**Your instructions:**
Up to and including the line bearing "- Click the", output every line of the entries exactly as written, starting from the first; pictures stay out.

Dataset entries:
****************

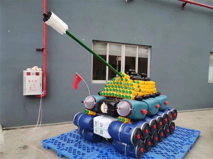 用鐵箍桶組成的坦克,搭配方瓶蓋作為點綴,1L方瓶作為主體,大炮用指甲油瓶拼接而成,方罐、漏斗、圓瓶等采用多系列產(chǎn)品進行混搭,居然視覺上毫無違和感,整體效果棒棒噠!
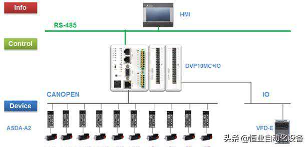 该系统控制解决方案的控制核心采用台达总线型运动控制器DVP-10MC。该控制器包含PLC模块和MC运动控制模块来两大功能模块。PLC模块可编写台达标准的逻辑程序,MC运动控制模块则可通过CANopen总线对伺服驱动器进行精密控制,以完成用户所期望的速度控制、位置控制等功能。方案主要特色:
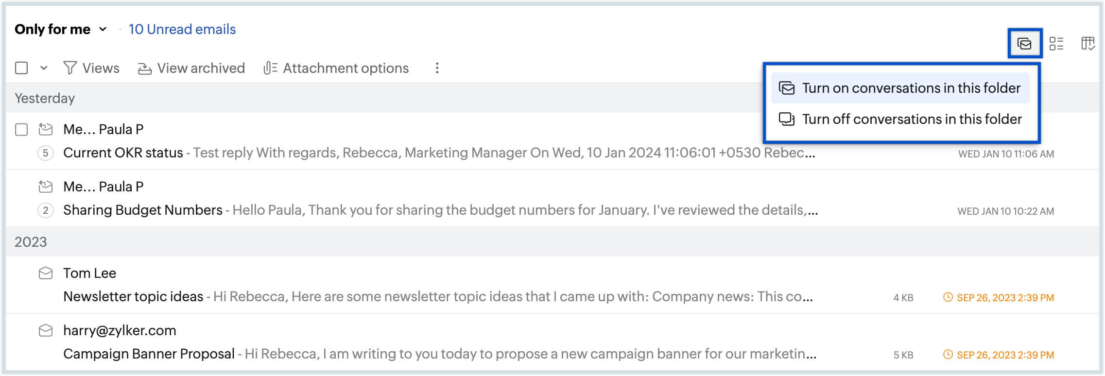 - Click the Conversation icon on the top right corner of the screen, to turn ON/OFF conversation view for the current folder.
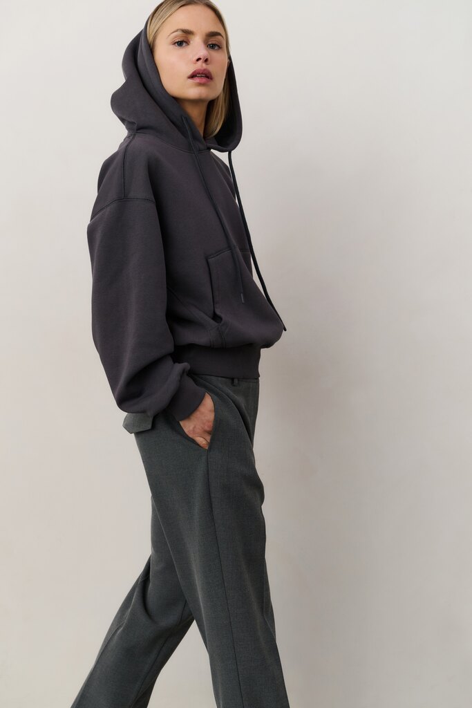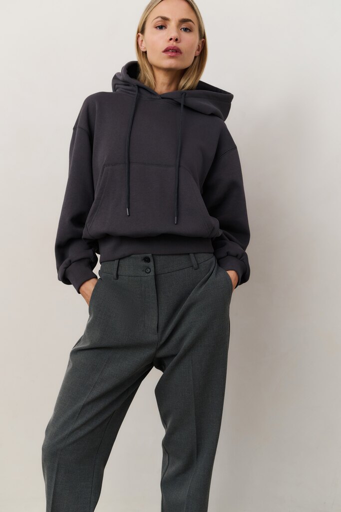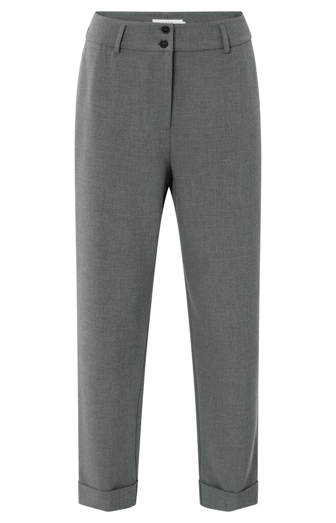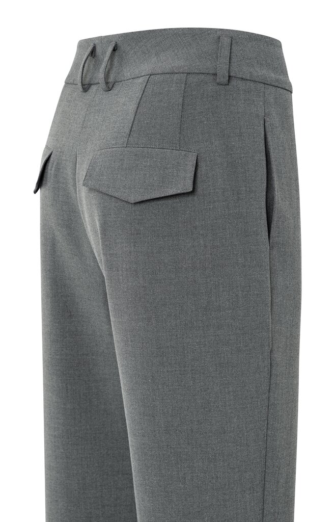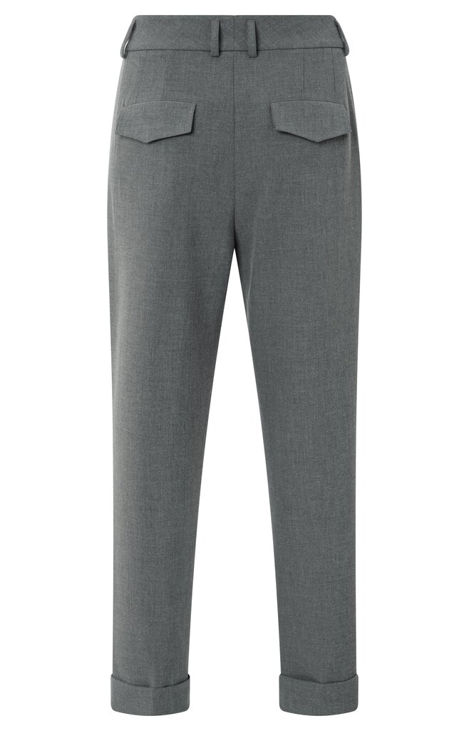 Diese elegante Hose hat eine normale Passform, eine hohe Taille, gerade Beine und eine klare Silhouette. Hergestellt aus einem weichen, gewebten Stoff mit dezenter Textur. Mit Seitentaschen, geknöpften Gesäßtaschen und einem Doppelknopfverschluss vorne. Die fixierten Umschläge am Saum setzen ein raffiniertes
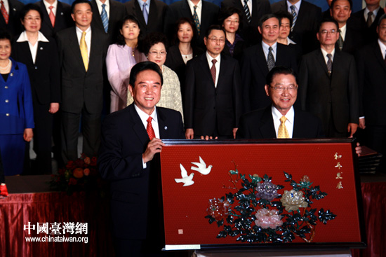 中國臺灣網(wǎng)12月22日臺中消息 22日下午,海協(xié)會會長陳云林向臺灣海基會董事長江丙坤贈送揚州漆器《和平發(fā)展》。當(dāng)天下午,兩岸兩會領(lǐng)導(dǎo)人在臺中市簽署了《海峽兩岸漁船船員勞務(wù)合作協(xié)議》等三項協(xié)議。(中國臺灣網(wǎng) 李徽 攝)
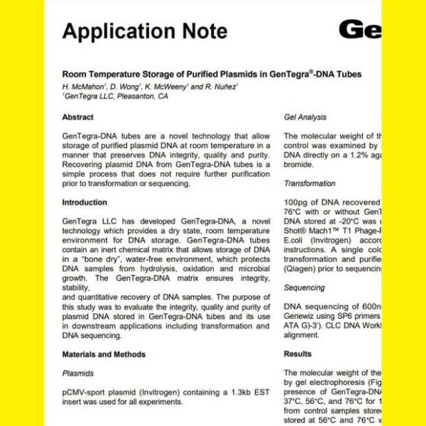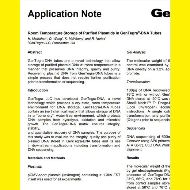 Thanks to GenTegra, that isn’t the case anymore. Their DNA tubes can store DNA at room temperature without causing any harm or impact on the sample. This app note discusses the effectiveness of the GenTegra-DNA tubes in an experiment by GenTegra.
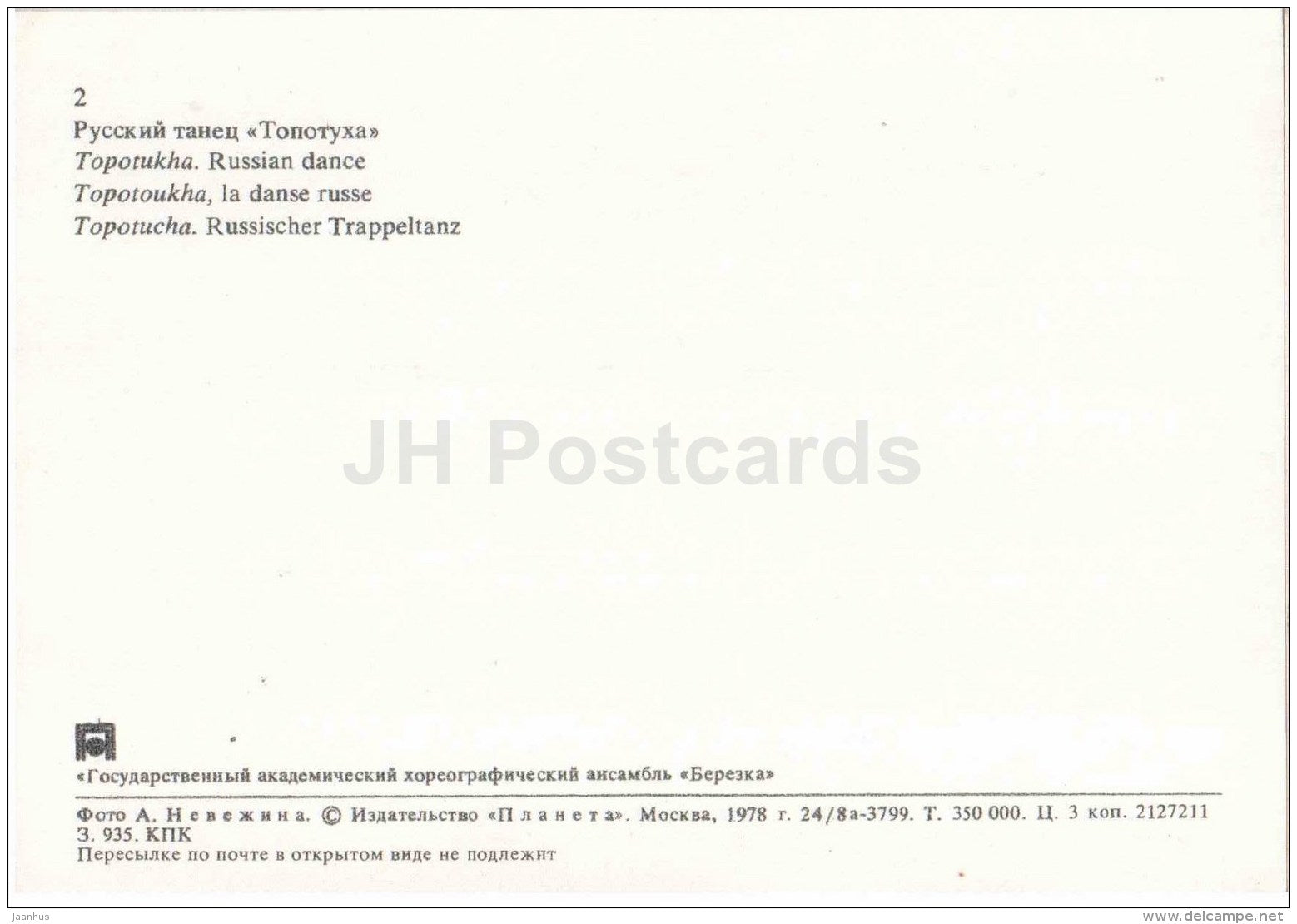 Topotukha - russian dance - State Academic Choreographic Ensemble Berezka - Russia USSR - 1978 - unused
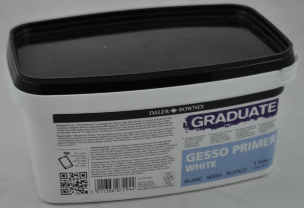 Gesso- podkladový náter na vodnej báze. Slúži na prípravu poréznych povrchov, na prípravu pláta na maľovanie. Jej použitie zabezpečí lepšiu priľnavosťostatných farieb.a materiálov. Objem 1 liter.

****************

**Exercise output:**
 用鐵箍桶組成的坦克,搭配方瓶蓋作為點綴,1L方瓶作為主體,大炮用指甲油瓶拼接而成,方罐、漏斗、圓瓶等采用多系列產(chǎn)品進行混搭,居然視覺上毫無違和感,整體效果棒棒噠!
 该系统控制解决方案的控制核心采用台达总线型运动控制器DVP-10MC。该控制器包含PLC模块和MC运动控制模块来两大功能模块。PLC模块可编写台达标准的逻辑程序,MC运动控制模块则可通过CANopen总线对伺服驱动器进行精密控制,以完成用户所期望的速度控制、位置控制等功能。方案主要特色:
 - Click the Conversation icon on the top right corner of the screen, to turn ON/OFF conversation view for the current folder.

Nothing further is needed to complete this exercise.